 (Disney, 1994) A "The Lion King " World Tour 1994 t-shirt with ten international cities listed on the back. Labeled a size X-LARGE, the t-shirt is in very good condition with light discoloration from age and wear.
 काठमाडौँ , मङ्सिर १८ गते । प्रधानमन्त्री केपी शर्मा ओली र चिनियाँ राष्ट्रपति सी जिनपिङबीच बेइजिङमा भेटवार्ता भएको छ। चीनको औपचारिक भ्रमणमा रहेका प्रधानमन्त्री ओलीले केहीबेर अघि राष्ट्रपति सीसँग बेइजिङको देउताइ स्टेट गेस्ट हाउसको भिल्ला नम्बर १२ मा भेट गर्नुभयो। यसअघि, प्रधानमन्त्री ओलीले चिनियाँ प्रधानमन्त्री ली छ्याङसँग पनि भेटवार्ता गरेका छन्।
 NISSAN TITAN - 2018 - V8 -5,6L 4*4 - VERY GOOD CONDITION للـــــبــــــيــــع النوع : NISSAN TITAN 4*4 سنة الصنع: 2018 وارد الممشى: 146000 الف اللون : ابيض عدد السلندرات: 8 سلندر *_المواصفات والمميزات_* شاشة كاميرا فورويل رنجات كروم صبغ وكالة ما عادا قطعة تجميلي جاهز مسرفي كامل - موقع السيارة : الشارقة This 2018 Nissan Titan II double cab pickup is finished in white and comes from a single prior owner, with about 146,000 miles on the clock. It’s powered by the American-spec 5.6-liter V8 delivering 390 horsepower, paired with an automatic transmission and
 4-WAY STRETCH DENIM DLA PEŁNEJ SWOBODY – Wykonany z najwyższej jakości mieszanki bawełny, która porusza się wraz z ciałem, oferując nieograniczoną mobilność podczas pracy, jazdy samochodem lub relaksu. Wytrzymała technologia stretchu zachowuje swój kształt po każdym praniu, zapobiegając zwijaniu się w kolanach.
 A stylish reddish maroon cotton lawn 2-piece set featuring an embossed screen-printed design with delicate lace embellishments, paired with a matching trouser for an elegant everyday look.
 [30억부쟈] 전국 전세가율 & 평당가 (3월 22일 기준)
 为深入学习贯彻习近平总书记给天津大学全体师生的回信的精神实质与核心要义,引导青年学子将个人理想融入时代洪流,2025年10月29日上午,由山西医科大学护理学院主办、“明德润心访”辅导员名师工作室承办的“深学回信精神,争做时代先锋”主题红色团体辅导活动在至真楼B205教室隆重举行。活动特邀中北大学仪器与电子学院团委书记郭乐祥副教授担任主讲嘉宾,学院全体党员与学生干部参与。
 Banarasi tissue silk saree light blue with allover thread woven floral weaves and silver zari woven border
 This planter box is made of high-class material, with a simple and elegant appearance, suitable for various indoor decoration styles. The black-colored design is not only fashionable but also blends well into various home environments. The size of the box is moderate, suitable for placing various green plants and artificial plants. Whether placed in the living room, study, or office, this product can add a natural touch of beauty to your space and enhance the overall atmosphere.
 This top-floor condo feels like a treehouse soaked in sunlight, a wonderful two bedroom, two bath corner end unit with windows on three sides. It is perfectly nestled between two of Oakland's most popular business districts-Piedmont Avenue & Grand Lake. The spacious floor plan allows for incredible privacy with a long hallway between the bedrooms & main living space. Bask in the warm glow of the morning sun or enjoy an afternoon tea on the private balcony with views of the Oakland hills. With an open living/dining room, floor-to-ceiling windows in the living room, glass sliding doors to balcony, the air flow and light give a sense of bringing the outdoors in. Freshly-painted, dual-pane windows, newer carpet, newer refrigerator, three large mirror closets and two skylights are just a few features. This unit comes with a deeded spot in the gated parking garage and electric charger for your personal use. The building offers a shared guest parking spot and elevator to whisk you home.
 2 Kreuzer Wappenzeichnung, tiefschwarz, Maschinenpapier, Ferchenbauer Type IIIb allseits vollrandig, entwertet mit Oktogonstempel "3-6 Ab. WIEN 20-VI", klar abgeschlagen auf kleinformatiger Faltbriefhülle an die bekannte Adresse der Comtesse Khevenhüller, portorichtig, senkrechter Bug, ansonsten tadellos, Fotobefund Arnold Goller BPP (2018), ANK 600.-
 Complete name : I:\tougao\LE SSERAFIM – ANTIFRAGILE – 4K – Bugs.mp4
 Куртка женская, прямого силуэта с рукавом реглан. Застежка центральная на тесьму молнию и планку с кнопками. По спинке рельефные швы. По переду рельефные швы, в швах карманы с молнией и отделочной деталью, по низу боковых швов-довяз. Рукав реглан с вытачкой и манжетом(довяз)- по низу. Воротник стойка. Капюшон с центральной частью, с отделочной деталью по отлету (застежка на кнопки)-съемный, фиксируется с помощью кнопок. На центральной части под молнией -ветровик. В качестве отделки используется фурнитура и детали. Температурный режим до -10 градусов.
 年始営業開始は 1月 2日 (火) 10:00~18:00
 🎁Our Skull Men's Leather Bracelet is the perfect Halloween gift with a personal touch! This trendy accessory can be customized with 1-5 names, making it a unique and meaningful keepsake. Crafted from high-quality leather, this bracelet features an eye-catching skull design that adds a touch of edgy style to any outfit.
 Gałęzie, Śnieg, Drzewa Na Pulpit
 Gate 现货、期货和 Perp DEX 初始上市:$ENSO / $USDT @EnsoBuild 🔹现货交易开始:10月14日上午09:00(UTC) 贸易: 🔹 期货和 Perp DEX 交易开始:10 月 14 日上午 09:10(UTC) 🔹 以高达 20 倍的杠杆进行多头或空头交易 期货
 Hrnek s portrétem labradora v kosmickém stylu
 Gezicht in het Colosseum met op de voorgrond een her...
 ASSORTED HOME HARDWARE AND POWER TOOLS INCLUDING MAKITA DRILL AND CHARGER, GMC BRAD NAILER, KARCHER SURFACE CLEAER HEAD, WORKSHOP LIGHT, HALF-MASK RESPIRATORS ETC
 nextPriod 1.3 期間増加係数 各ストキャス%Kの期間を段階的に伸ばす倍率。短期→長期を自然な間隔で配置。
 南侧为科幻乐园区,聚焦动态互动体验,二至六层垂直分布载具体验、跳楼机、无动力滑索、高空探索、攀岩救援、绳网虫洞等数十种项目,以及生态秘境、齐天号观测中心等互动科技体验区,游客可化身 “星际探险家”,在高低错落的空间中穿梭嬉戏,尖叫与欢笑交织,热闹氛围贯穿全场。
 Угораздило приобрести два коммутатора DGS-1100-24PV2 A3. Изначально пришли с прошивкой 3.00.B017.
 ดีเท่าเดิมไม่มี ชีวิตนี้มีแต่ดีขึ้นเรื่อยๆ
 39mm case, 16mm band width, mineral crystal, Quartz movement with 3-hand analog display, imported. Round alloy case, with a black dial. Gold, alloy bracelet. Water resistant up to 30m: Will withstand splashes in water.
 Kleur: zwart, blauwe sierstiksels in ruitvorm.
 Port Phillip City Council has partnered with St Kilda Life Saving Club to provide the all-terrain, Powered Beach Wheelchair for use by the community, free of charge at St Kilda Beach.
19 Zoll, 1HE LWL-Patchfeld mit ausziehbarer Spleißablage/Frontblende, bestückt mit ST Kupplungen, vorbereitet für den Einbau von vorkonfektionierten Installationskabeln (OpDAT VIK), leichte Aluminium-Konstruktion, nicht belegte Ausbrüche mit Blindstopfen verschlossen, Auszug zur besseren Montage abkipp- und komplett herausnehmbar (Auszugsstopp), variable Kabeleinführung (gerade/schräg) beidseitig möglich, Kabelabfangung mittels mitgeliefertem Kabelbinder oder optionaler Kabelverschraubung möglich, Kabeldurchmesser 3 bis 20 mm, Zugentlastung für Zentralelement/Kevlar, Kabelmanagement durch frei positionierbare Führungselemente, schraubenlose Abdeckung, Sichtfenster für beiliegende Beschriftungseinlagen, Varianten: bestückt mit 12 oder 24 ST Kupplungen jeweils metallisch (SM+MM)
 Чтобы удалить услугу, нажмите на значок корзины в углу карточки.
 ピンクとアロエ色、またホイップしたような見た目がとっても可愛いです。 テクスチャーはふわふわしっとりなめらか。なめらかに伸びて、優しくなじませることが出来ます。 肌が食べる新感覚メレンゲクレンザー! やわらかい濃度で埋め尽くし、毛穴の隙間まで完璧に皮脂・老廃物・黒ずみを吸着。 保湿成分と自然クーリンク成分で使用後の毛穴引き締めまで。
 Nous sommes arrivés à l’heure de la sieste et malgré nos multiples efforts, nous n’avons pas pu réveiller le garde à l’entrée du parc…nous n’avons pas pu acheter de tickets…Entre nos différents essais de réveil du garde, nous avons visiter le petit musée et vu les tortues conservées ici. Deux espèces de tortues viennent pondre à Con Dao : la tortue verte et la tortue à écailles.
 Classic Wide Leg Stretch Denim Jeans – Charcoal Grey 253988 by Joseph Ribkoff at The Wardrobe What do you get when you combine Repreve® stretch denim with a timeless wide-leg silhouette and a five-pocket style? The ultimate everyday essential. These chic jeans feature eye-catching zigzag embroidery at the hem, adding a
# # # #
- _Directions_
Write out exactly the lines above from the line with "南侧为科幻乐园区,聚焦动态互" through the line with "Kleur: zwart, blauwe", both of them included, and leave out all other lines.

- _Exercise result_
 南侧为科幻乐园区,聚焦动态互动体验,二至六层垂直分布载具体验、跳楼机、无动力滑索、高空探索、攀岩救援、绳网虫洞等数十种项目,以及生态秘境、齐天号观测中心等互动科技体验区,游客可化身 “星际探险家”,在高低错落的空间中穿梭嬉戏,尖叫与欢笑交织,热闹氛围贯穿全场。
 Угораздило приобрести два коммутатора DGS-1100-24PV2 A3. Изначально пришли с прошивкой 3.00.B017.
 ดีเท่าเดิมไม่มี ชีวิตนี้มีแต่ดีขึ้นเรื่อยๆ
 39mm case, 16mm band width, mineral crystal, Quartz movement with 3-hand analog display, imported. Round alloy case, with a black dial. Gold, alloy bracelet. Water resistant up to 30m: Will withstand splashes in water.
 Kleur: zwart, blauwe sierstiksels in ruitvorm.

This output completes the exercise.